External militant democracy: The case of Bosnia & Herzegovina
Imagine a politician winning a democratic election. He/She enters office with a mandate from thousands of voters, only to discover that an unelected official can remove him from office, invalidate laws adopted by parliament, and effectively reshape the constitutional framework within which he operates. In most constitutional democracies, such a scenario would appear inconceivable. In Bosnia & Herzegovina (BiH, Bosnia), however, it has been part of constitutional reality for almost three decades.
At the centre of this constitutional anomaly stands the Office of the High Representative (OHR). Among the many institutional peculiarities of BiH’s post-war constitutional order, none is more striking than the extraordinary powers that the OHR acquired through the 1997 Bonn Conclusions. 1 While these powers are often interpreted through the lenses of international administration, state-building, or constitutional interventionism, they can also be understood from a different analytical perspective: as a mechanism of self-defence.
This blog post argues that the powers of the OHR functionally correspond to the logic of militant democracy. However, they do not fit within the classical model developed in constitutional theory. Instead, they represent a distinct and largely undertheorized phenomenon: external militant democracy. Unlike traditional forms of constitutional self-defence, in which democratic institutions safeguard themselves through constitutionally prescribed procedures, the Bosnian model relocates this function to an international actor operating outside the domestic democratic process.
Militant Democracy and Constitutional Self-Defence
The concept of militant democracy was first formulated by Karl Loewenstein in 1937 as a response to the collapse of inter-war European democracies and the rise of fascism across Europe. 2 Observing how anti-democratic movements systematically exploited democratic freedoms in order to abolish democracy itself, Loewenstein argued that democracies must develop instruments of constitutional self-defence.
At the core of this argument lies a deceptively simple proposition: a constitutional democracy cannot be required to extend unlimited tolerance to political actors whose declared objective is the abolition of democracy itself. In order to preserve its own normative foundations, democracy must be capable of imposing certain restrictions on those who seek to destroy it. As Loewenstein famously put it, “constitutional scruples can no longer restrain from restrictions on democratic fundamentals, for the sake of ultimately preserving these very fundamentals.” 3 In other words, democratic systems cannot allow themselves to be paralysed by an excessive commitment to procedural neutrality when faced with existential threats.

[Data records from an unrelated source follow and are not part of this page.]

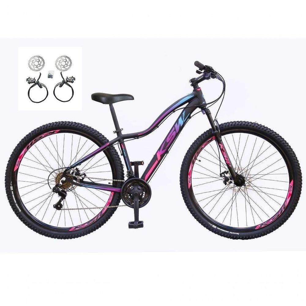 Bicicleta Aro 29 Ksw Mwza Feminina Alumínio 21v Freio Hidraulico Garfo Suspensão Mtb preto-pink-Azul Tam: 17
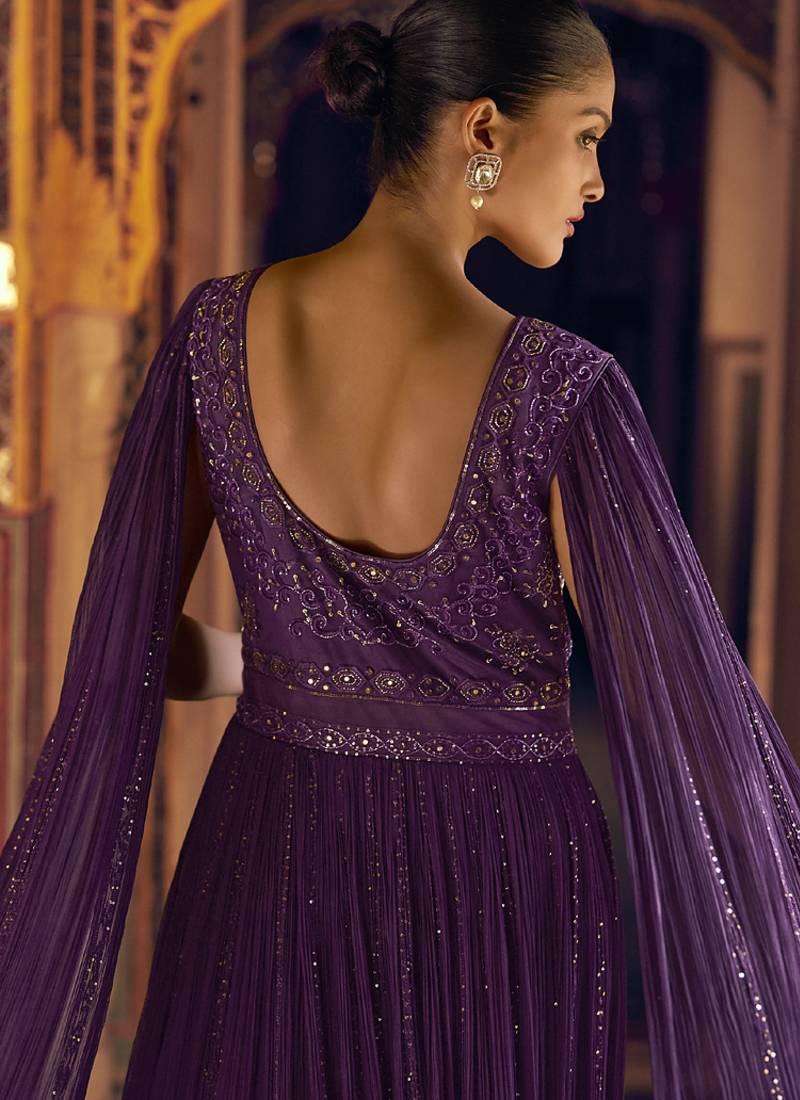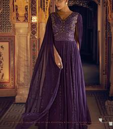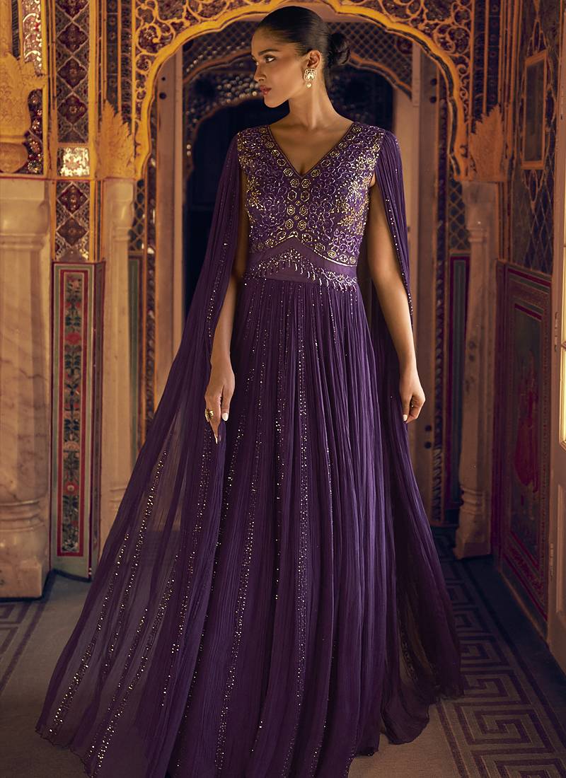 Violet viscos simmer jacquard silk embroidered gown stitched
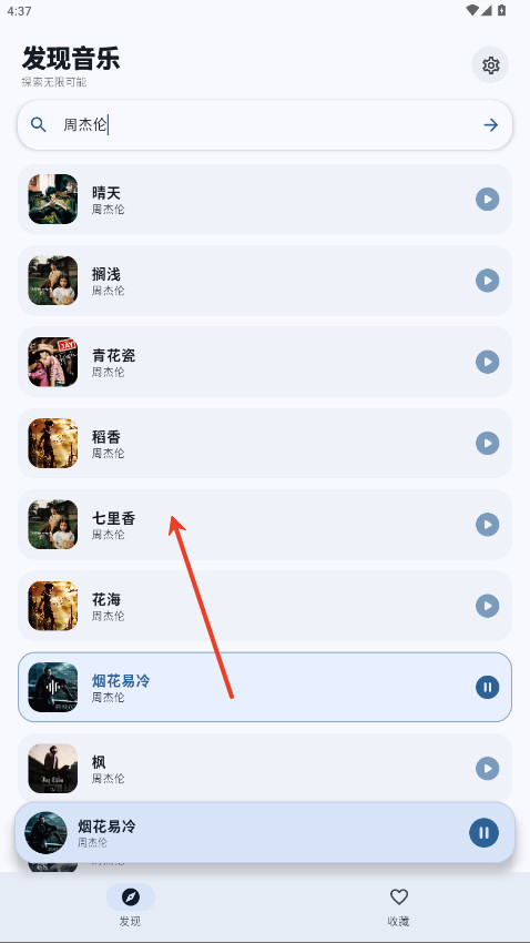 3、从结果列表里挑中想听的那一首,轻轻一点就行
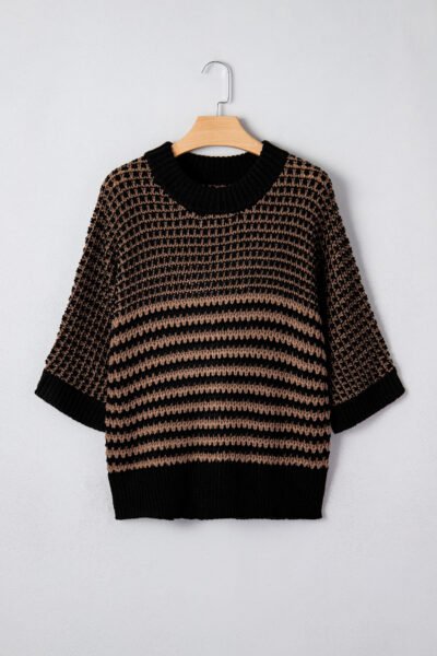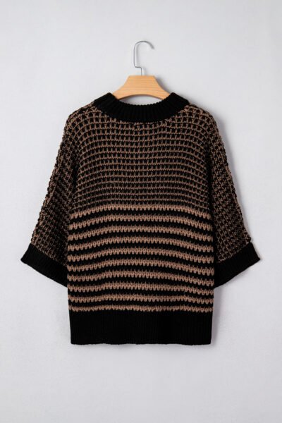 Black Stripe 3/4 Draped Sleeve Slouchy Sweater
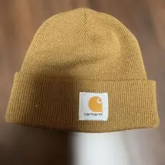 マスタードカラーのニット帽、折り返しデザインでスタイリッシュ。
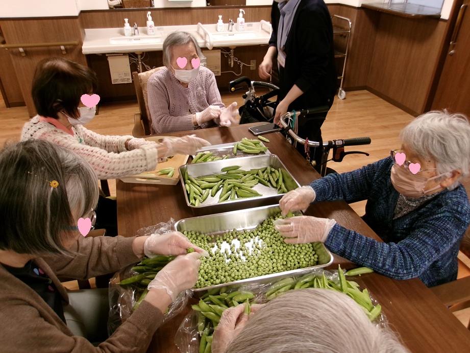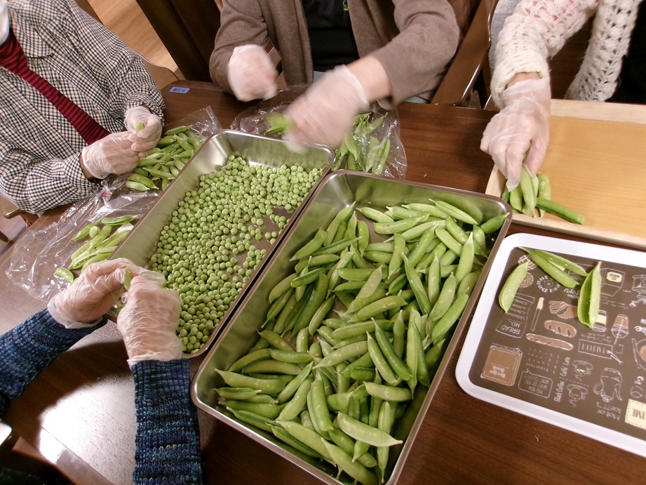 今日の行事食(夕食)「豆ご飯」に向けて、
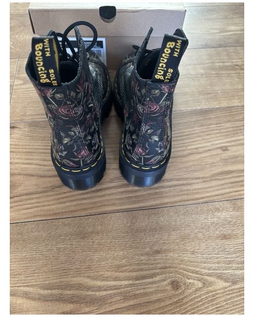 The Dr. Martens Women's Sinclair Decayed Roses Boots in UK size 5 are stylish ankle boots with a round toe shape and lace-up closure. The black leather boots feature floral lace accents and eyelets. With a platform style and leather upper, these boots offer a standard shoe width and are customised to suit the wearer. The unique design of the Dr. Martens Sinclair Decayed Roses model adds a touch of character to any outfit.
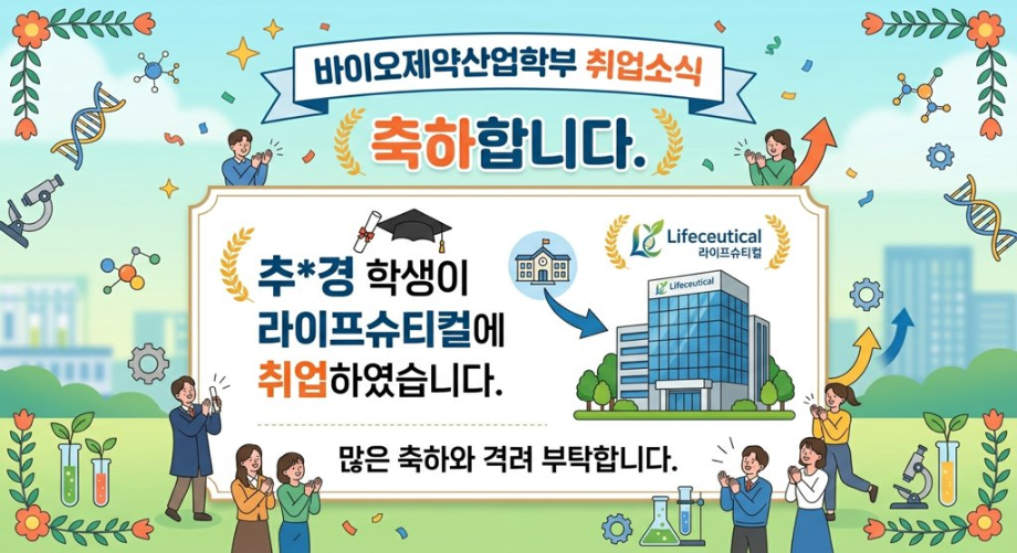 본문 시작 홈으로 학부자료실 학부소개 교육과정 학부공지게시판 학부자료실 홈페이지가이드 학부행사 및 사진게시판 학부행사 및 사진게시판 학생회 소개 학부행사 및 사진게시판 페이스북 트위터 프린트 축하합니다. 추*경 학생이 라이프 슈티컬에 취업하였습니다. 바이오제약산업학부 24 2026-04-27 축하합니다. 추*경 학생이 라이프 슈티컬에 취업하였습니다. 목록 이전GC-MS 기기 활용 활동 다음 축하합니다. 이*서 학생이 시마즈사이언티픽코리아에 취업하였습니다. 담당부서 : 바이오제약산업학부 담당자 : - 연락처 : 043-649-1729 최종수정일 : 2024-10-26 만족도조사 만족도 조사 이 페이지에서 제공하는 정보에 대하여 만족하시나요? 매우만족 만족 보통 불만족 매우불만족
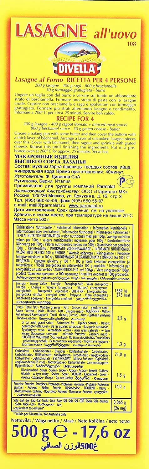 Divella Lasagne All Uovo 3 Pezzi Da 500 Grammi
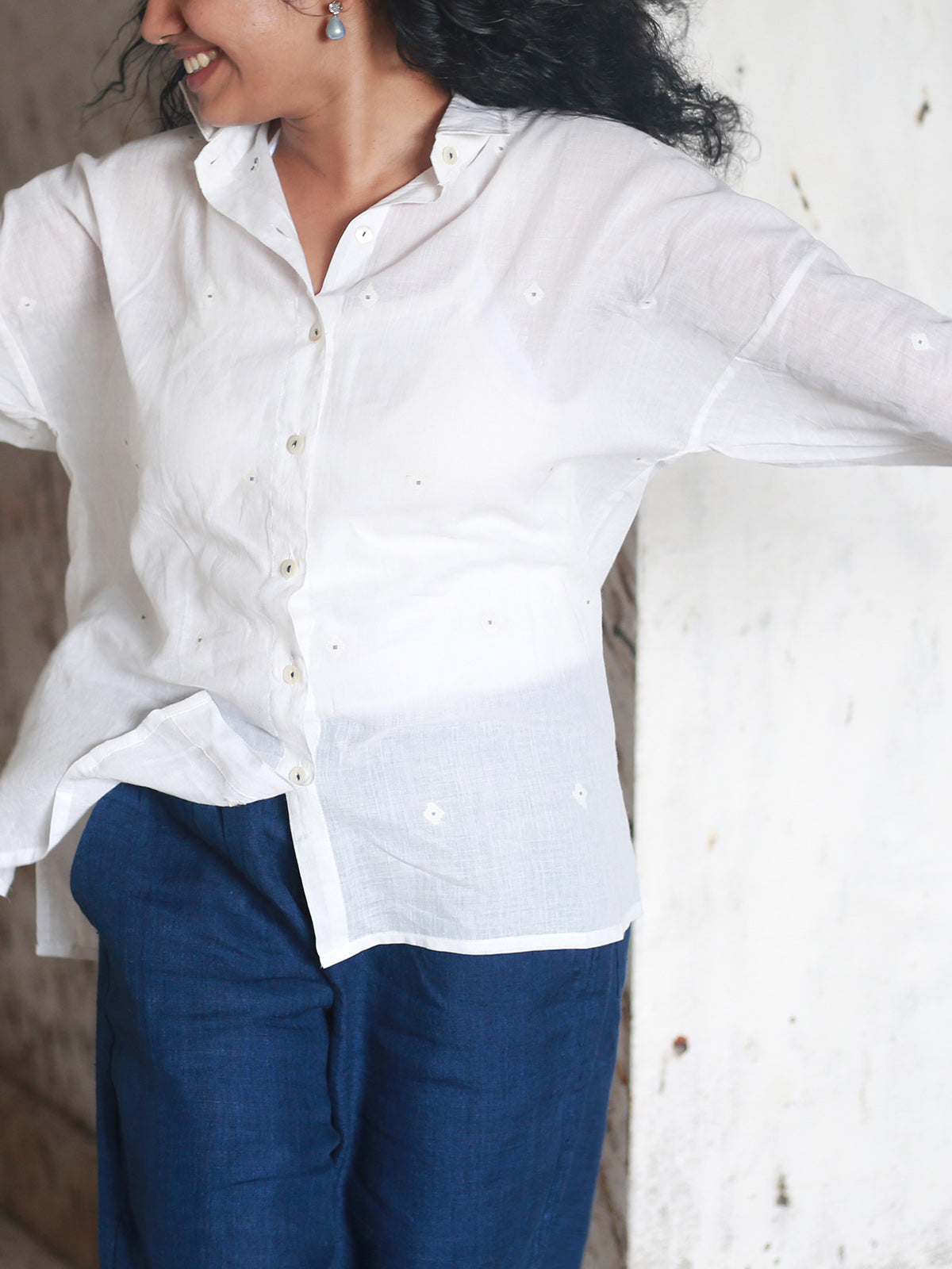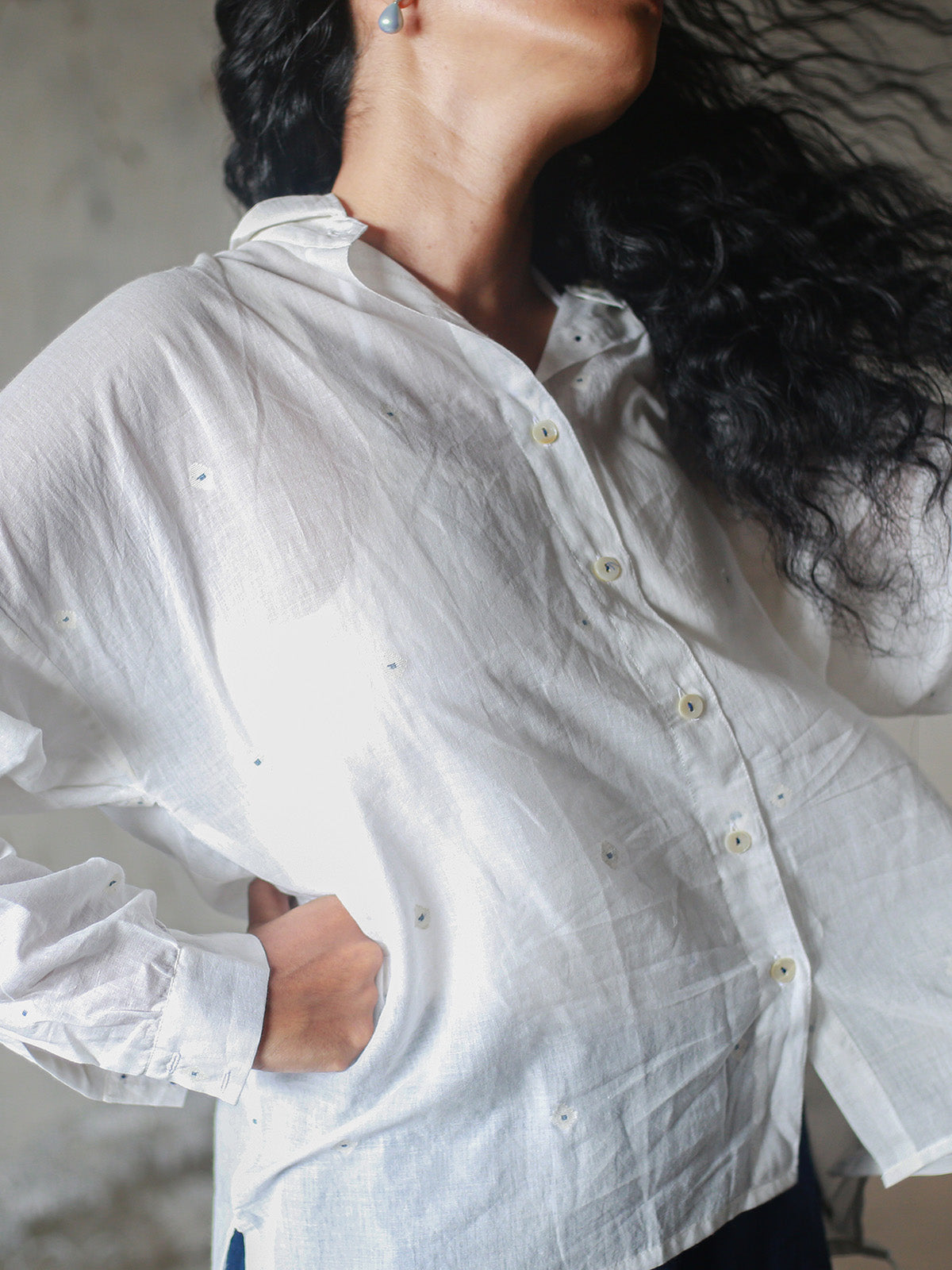 Introducing an exquisite, oversized shirt adorned with diamond shaped Jamdani motifs. This shirt is a true fusion of elegance and comfort. With its drop shoulders and box pleat at the back, it effortlessly combines relaxed and sophisticated styles. The uneven hem adds a touch of uniqueness to its design. Available in dual sizes, this shirt ensures a perfect fit for a wide range of individuals.

Post-war constitutionalism largely internalised this logic. The most prominent example is the German Basic Law, whose Article 21(2) permits the Federal Constitutional Court to declare political parties unconstitutional if they seek to undermine or abolish the free democratic basic order. Comparable, albeit less far-reaching, mechanisms can be found across Europe, including party bans, restrictions on extremist associations, and constitutional emergency powers. 4
Despite these variations, classical accounts of militant democracy share two essential structural features. First, mechanisms of constitutional self-defence are embedded within the constitutional order itself. Second, the activation and application of such mechanisms remain subject to domestic legal procedures, judicial control, and forms of democratic accountability. 5 In other words, the defender of democracy remains institutionally internal to the constitutional system it seeks to protect.
Bosnia & Herzegovina, however, departs radically from this model.
The Dayton Constitution and the Rise of the Bonn Powers
The Constitution of BiH, contained in Annex 4 of the Dayton Peace Agreement, does not establish a constitutional guardian empowered to suspend democratic actors or impose legislation. 6 Nor does it create any institution capable of removing elected officials from office. The High Representative appears only in Annex 10, which regulates the civilian implementation of the peace settlement. 7 The language of Annex 10 is notably modest. The High Representative is expected to facilitate, coordinate, monitor, report, and assist implementation efforts. 8 Nothing in the text explicitly authorises the imposition of legislation, the amendment of constitutional arrangements, or the dismissal of democratically elected officials.
The transformation occurred in December 1997, when the Peace Implementation Council (PIC) met in Bonn and endorsed what later became known as the Bonn Powers. 9 From that moment onward, the High Representative acquired authority to adopt binding decisions whenever domestic institutions were deemed unable or unwilling to act.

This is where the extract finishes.